Thank you for the opportunity to express our views regarding the USPSTF’s evidence review and draft recommendation statement for peripheral artery disease (PAD) and cardiovascular disease (CVD) screening with Ankle-Brachial Index (ABI). The National Center for Health Research is a nonprofit think tank that conducts, analyzes, and scrutinizes research, policies, and programs on a range of issues related to health and safety. We do not accept funding from companies that make products that are the subject of our work.
We agree with the USPSTF grade of “I” for ABI screening due to an inadequate amount and quality of evidence to conclusively determine the balance of benefits and harms. There have been no population-based randomized trials testing ABI screening alone, and the single “fair-quality” study that evaluated ABI’s efficacy found a very low sensitivity rate.

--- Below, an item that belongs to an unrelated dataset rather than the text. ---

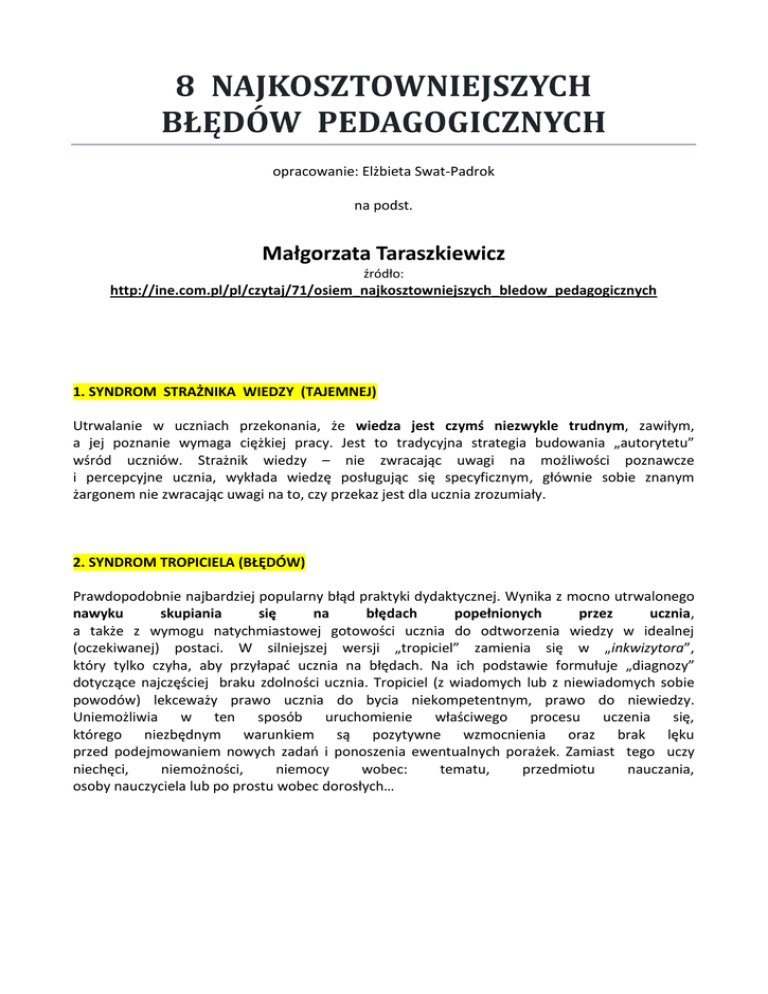 opracowanie: Elżbieta Swat-Padrok na podst. źródło: http://ine.com.pl/pl/czytaj/71/osiem_najkosztowniejszych_bledow_pedagogicznych 1. SYNDROM STRAŻNIKA WIEDZY (TAJEMNEJ) Utrwalanie w uczniach przekonania, że wiedza jest czymś niezwykle trudnym, zawiłym, a jej poznanie wymaga ciężkiej pracy. Jest to tradycyjna strategia budowania „autorytetu” wśród uczniów. Strażnik wiedzy – nie zwracając uwagi na możliwości poznawcze i percepcyjne ucznia, wykłada wiedzę posługując się specyficznym, głównie sobie znanym żargonem nie zwracając uwagi na to, czy przekaz jest dla ucznia zrozumiały. 2. SYNDROM TROPICIELA (BŁĘDÓW) Prawdopodobnie najbardziej popularny błąd praktyki dydaktycznej. Wynika z mocno utrwalonego nawyku skupiania się na błędach popełnionych przez ucznia, a także z wymogu natychmiastowej gotowości ucznia do odtworzenia wiedzy w idealnej (oczekiwanej) postaci. W silniejszej wersji „tropiciel” zamienia się w „inkwizytora”, który tylko czyha, aby przyłapać ucznia na błędach. Na ich podstawie formułuje „diagnozy” dotyczące najczęściej braku zdolności ucznia. Tropiciel (z wiadomych lub z niewiadomych sobie powodów) lekceważy prawo ucznia do bycia niekompetentnym, prawo do niewiedzy. Uniemożliwia w ten sposób uruchomienie właściwego procesu uczenia się, którego niezbędnym warunkiem są pozytywne wzmocnienia oraz brak lęku przed podejmowaniem nowych zadań i ponoszenia ewentualnych porażek. Zamiast tego uczy niechęci, niemożności, niemocy wobec: tematu, przedmiotu nauczania, osoby nauczyciela lub po prostu wobec dorosłych… 3. SYNDROM PROJEKTORA Narzucanie osobistych preferencji w zakresie tematyki i metodyki uczenia się. Ucząc nauczyciel zachowuje się tak, jakby uczył samego siebie: zwraca uwagę jedynie na własne preferencje, a ukryte zwykle założenie brzmi „musicie się do mnie dostosować i nadążać, bo inaczej... będziecie mieć problemy”. W przeciętnej klasie jest na ogół kilkoro uczniów o zbliżonych dyspozycjach do takiego nauczyciela (m.in. w zakresie modalności sensorycznych, stylu uczenia) i ta grupa jest odbierana jako uczniowie zdolni. Inni uczniowie pozostają w tzw. „cieniu dydaktycznym”. Planowanie skutecznego (czyli dostępnego każdemu) procesu dydaktycznego rozpoczyna się od postawienia właściwej diagnozy i zaprojektowania takiego jego przebiegu, aby w treściach i formie angażował wszystkich uczniów: tych „podobnych” i tych „niepodobnych” do nauczyciela. 4. SYNDROM SPYCHACZA (PROBLEMÓW) Dość powszechna reakcja na napotkane problemy dydaktyczne czy wychowawcze. Polega na przerzuceniu odpowiedzialności na innych lub na okoliczności zewnętrzne. W praktyce słyszany jako komunikaty do ucznia: „weź się do nauki”, „popraw się” lub do rodziców: „proszę się wziąć za naukę swego dziecka”, „proszę coś zrobić z jego zachowaniem”. W tzw. mądrości życiowej (ale nie tej potocznej, tylko tej głębszej) problemy z jakimi się zderzamy traktowane są jako ważne osobiste wyzwania, lekcje do odrobienia dotyczące refleksji, zmiany strategii działania, zmiany przekonań... Spychanie problemu oczywiście go nie rozwiązuje. Powoduje natomiast, że nie-rozwiązane problemy narastają, a samopoczucie „spychającego” można wówczas porównać do nastroju osobnika na polu minowym… 5. SYNDROM KIEPSKIEGO OGRODNIKA Istotą tego błędu jest brak odpowiedzialności za efekty procesu nauczania i tzw. nonszalancja pedagogiczna. Korzystając z metafory dobrego ogrodnika można powiedzieć, iż pozwala on rosnąć roślinom według ich własnego planu: nie każe różom kwitnąć w zimie, nie każe stokrotkom być słonecznikami… Cieszy się, kiedy rośliny pięknie rosną, ale też nie złości się i nie zajmuje zbytnio tymi, które rozwijają się inaczej. Nie próbuje zmienić ich natury, nie daje bodźców do pełniejszego rozwoju i „modyfikacji” ewentualnych słabości. Dba o rozwój – oferując jedynie właściwe „zasilanie”, kompetentną troskę i cierpliwość. 6. SYNDROM OCENIAJĄCEGO Najbardziej czytelna funkcja praktyki szkolnej: stawianie ocen i ferowanie wyroków związanych (a często słabo związanych) z danym stanem rzeczy, tj. sprawnością umysłową i wykonawczą ucznia. Potocznie wydaje się, iż istotą szkoły jest ocenianie uczniów – ten aspekt jest szczególnie akcentowany w rozmowach między nauczycielami, rozmowach nauczycieli z rodzicami i... w zabawach dzieci w szkołę. Jest to niedorzeczne, Istotą szkoły jest uczenie uczniów, nie zaś ich ocenianie. Ważniejsze jest, aby rozumieć co się umie, a czego się nie umie - niż wiedzieć, że jest się uczniem „bardzo dobrym” lub „trójkowym”. W zrozumieniu różnicy tkwi istota nowoczesnego podejścia do edukacji: uczący się potrzebuje informacji zwrotnej na temat wyników swoich starań. Powinna mieć ona dwojaki charakter: wzmacniająca to, co zrobił właściwie i korygująca działania niewłaściwe. Przy takim podejściu, po pewnym czasie, możliwe jest uruchomienie procesów samooceniania, co wiąże się z przyjmowaniem odpowiedzialności za efekty własnej nauki. 7. SYNDROM MISTRZA ŚWIATA Dotyczy tych wszystkich, którym się wydaje, że wiedzą już wszystko i nie muszą już niczego się uczyć. Błąd szczególnie niebezpieczny podczas wykonywania zawodu polegającego na przewodzeniu (asyście) w uczeniu się innych. Efektem jest zwykle zanik wrażliwości zawodowej. Ci, których działaniom towarzyszą fantastyczne efekty dydaktyczne i wychowawcze – są stale gotowi do poddania refleksji swojej praktyki, są otwarci na nowe idee i ustawicznie się kształcą. 8. SYNDROM ŚLEPCA Niedostrzeganie u siebie żadnych oznak omówionych powyżej błędów!

According to the study, ABI screens provided an 80-85% false negative rate. This means that negative screens with ABI could lead to about 80% or more of patients having a false sense of reassurance about their risk of underlying peripheral artery disease. The poor sensitivity of ABI can be potentially harmful because patients may be inappropriately ruled out for underlying PAD and may miss out on an opportunity for follow up diagnostic testing and clinical interventions. These patients may not be properly diagnosed until symptoms are more apparent, which may be at a time when disease has progressed and outcomes are poor. This issue necessitates further study to better characterize subpopulations who are likely to benefit from ABI.
PAD is a fairly common condition and most adults do not present with symptoms. Moreover, the dangerous consequences of the disease, including loss of life and limb, create a compelling need to identify appropriate screening strategies to detect disease earlier and prevent disability. Unfortunately, the data regarding the ABI screening method is too scarce to make a definitive recommendation. While ABI is the most common method of screening for PAD, it may not be the most effective. The process of performing ABI takes around 15 minutes, but this time may be more effectively applied to other methods that have been tested and proven to be more beneficial.
In order to more widely recommend ABI, we need more studies directly evaluating both the efficacy and harms. Most importantly, we encourage the USPSTF to review studies that analyze the accuracy of ABI and its effect on improving health outcomes in asymptomatic PAD patients. It is critical to identify whether the benefits of ABI screening outweigh harms in high risk patients, such as patients who smoke, or have diabetes, as this population is likely to benefit the most from screening.
At this time, we agree that there is insufficient evidence to recommend for or against its use. We encourage the USPSTF to update their recommendations when additional high-quality evidence is made available. Thank you for the opportunity to share our perspective.